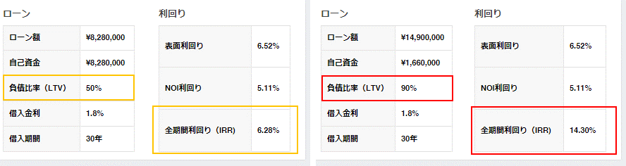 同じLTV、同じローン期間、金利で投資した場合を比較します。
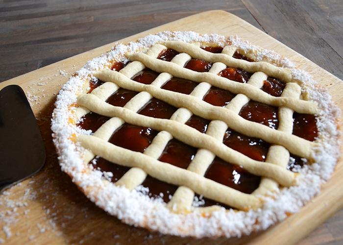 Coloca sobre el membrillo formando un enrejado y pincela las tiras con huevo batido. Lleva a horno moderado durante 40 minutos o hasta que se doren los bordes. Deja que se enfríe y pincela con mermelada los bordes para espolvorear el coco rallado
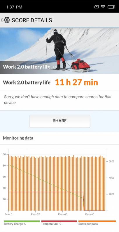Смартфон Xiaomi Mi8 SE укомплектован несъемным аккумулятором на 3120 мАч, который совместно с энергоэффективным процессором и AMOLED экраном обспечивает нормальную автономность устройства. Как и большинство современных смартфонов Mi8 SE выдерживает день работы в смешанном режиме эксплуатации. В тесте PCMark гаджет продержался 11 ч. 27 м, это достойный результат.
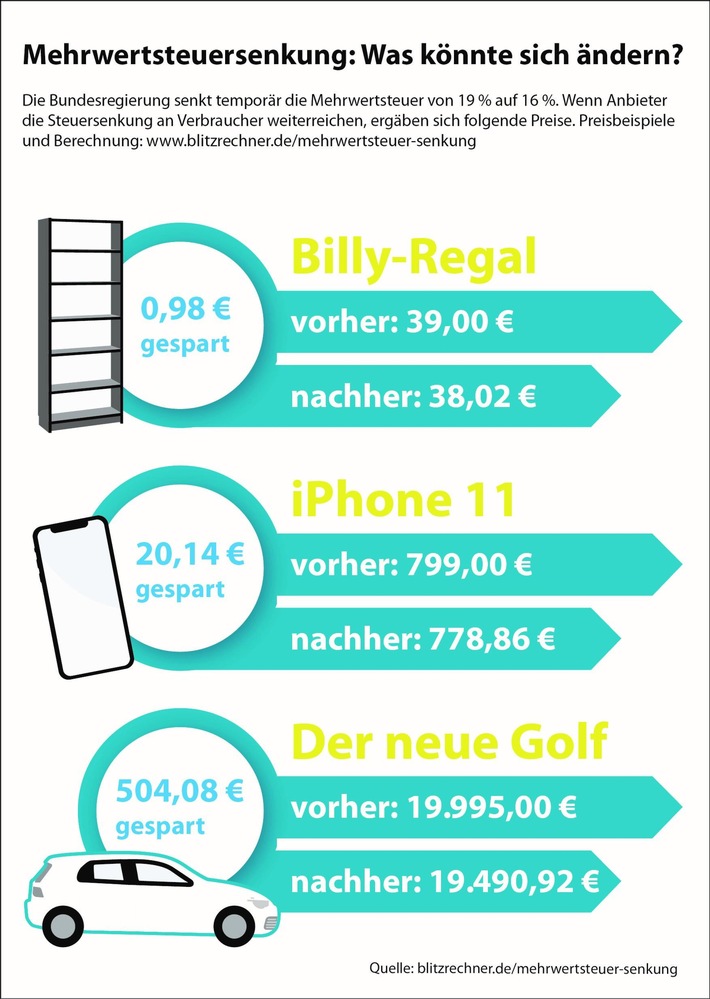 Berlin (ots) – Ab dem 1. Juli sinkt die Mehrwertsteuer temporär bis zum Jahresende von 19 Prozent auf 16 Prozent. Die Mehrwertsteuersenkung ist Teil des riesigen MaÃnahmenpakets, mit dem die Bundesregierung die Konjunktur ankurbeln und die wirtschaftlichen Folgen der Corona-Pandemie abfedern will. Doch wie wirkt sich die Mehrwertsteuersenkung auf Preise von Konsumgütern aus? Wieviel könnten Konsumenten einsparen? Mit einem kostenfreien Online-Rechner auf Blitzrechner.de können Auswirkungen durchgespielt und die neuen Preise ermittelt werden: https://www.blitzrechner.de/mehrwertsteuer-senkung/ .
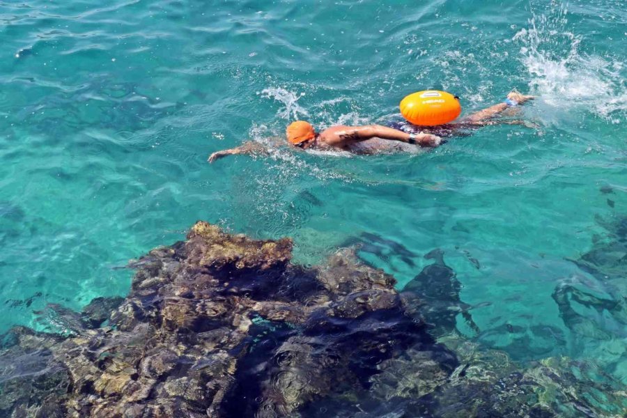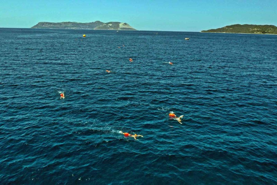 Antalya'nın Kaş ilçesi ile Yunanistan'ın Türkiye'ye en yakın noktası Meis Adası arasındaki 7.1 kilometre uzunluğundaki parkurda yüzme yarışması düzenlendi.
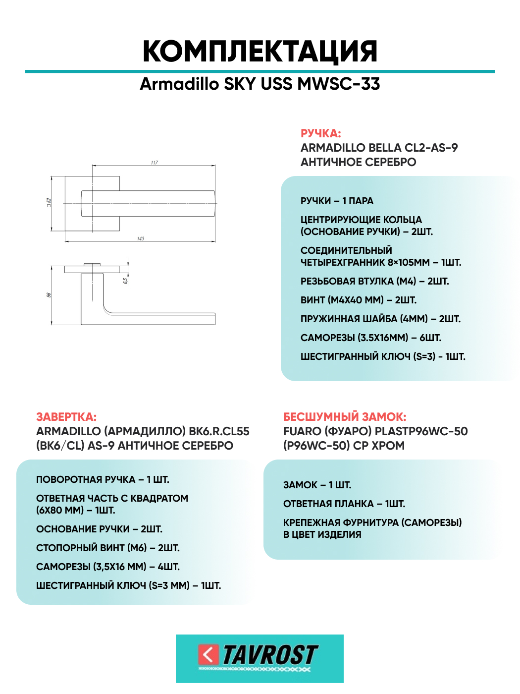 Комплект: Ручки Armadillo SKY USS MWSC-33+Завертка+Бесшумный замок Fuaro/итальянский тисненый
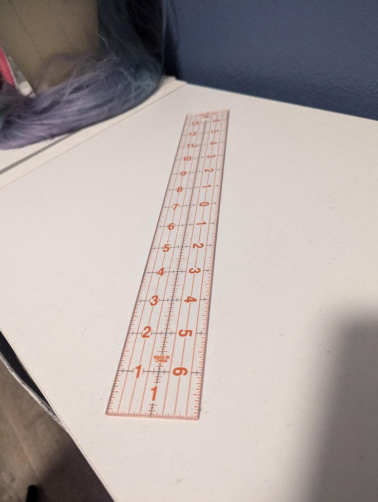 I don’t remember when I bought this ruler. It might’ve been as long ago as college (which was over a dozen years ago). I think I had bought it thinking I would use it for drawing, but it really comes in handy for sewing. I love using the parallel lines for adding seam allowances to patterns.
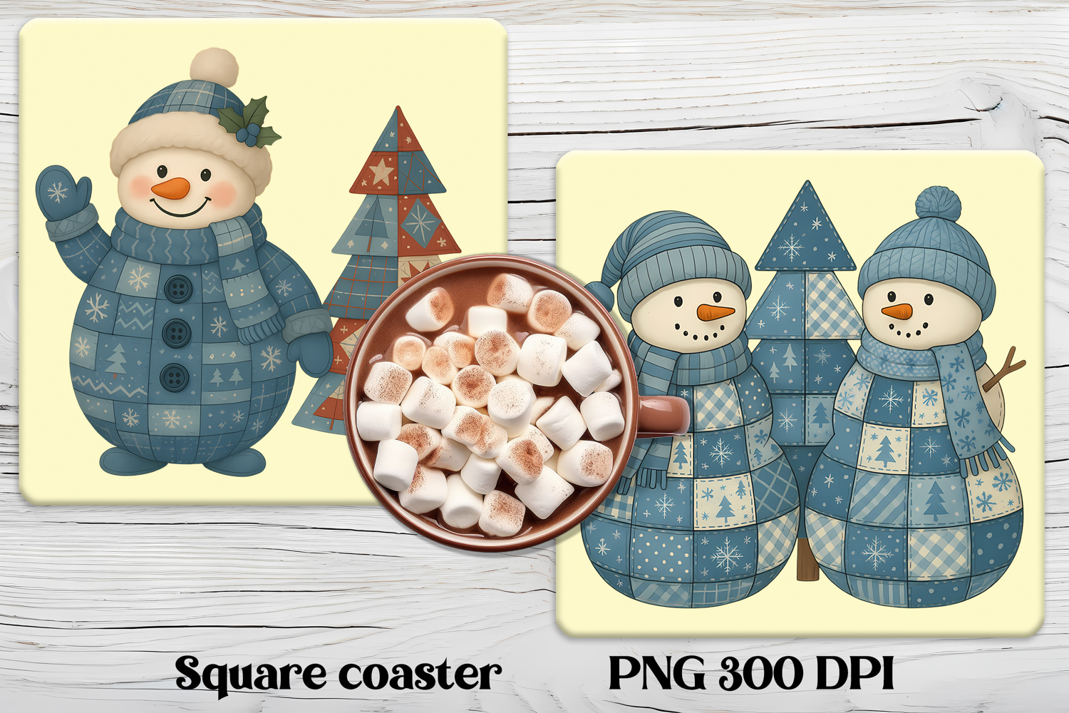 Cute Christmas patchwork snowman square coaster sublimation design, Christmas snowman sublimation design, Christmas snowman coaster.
■ ■ ■ ■
Because only the text is wanted, repeat all the entries exactly and leave out the pictures.

- _SOLUTION TO THE PROBLEM_
 同じLTV、同じローン期間、金利で投資した場合を比較します。
 Coloca sobre el membrillo formando un enrejado y pincela las tiras con huevo batido. Lleva a horno moderado durante 40 minutos o hasta que se doren los bordes. Deja que se enfríe y pincela con mermelada los bordes para espolvorear el coco rallado
Смартфон Xiaomi Mi8 SE укомплектован несъемным аккумулятором на 3120 мАч, который совместно с энергоэффективным процессором и AMOLED экраном обспечивает нормальную автономность устройства. Как и большинство современных смартфонов Mi8 SE выдерживает день работы в смешанном режиме эксплуатации. В тесте PCMark гаджет продержался 11 ч. 27 м, это достойный результат.
 Berlin (ots) – Ab dem 1. Juli sinkt die Mehrwertsteuer temporär bis zum Jahresende von 19 Prozent auf 16 Prozent. Die Mehrwertsteuersenkung ist Teil des riesigen MaÃnahmenpakets, mit dem die Bundesregierung die Konjunktur ankurbeln und die wirtschaftlichen Folgen der Corona-Pandemie abfedern will. Doch wie wirkt sich die Mehrwertsteuersenkung auf Preise von Konsumgütern aus? Wieviel könnten Konsumenten einsparen? Mit einem kostenfreien Online-Rechner auf Blitzrechner.de können Auswirkungen durchgespielt und die neuen Preise ermittelt werden: https://www.blitzrechner.de/mehrwertsteuer-senkung/ .
 Antalya'nın Kaş ilçesi ile Yunanistan'ın Türkiye'ye en yakın noktası Meis Adası arasındaki 7.1 kilometre uzunluğundaki parkurda yüzme yarışması düzenlendi.
 Комплект: Ручки Armadillo SKY USS MWSC-33+Завертка+Бесшумный замок Fuaro/итальянский тисненый
 I don’t remember when I bought this ruler. It might’ve been as long ago as college (which was over a dozen years ago). I think I had bought it thinking I would use it for drawing, but it really comes in handy for sewing. I love using the parallel lines for adding seam allowances to patterns.
 Cute Christmas patchwork snowman square coaster sublimation design, Christmas snowman sublimation design, Christmas snowman coaster.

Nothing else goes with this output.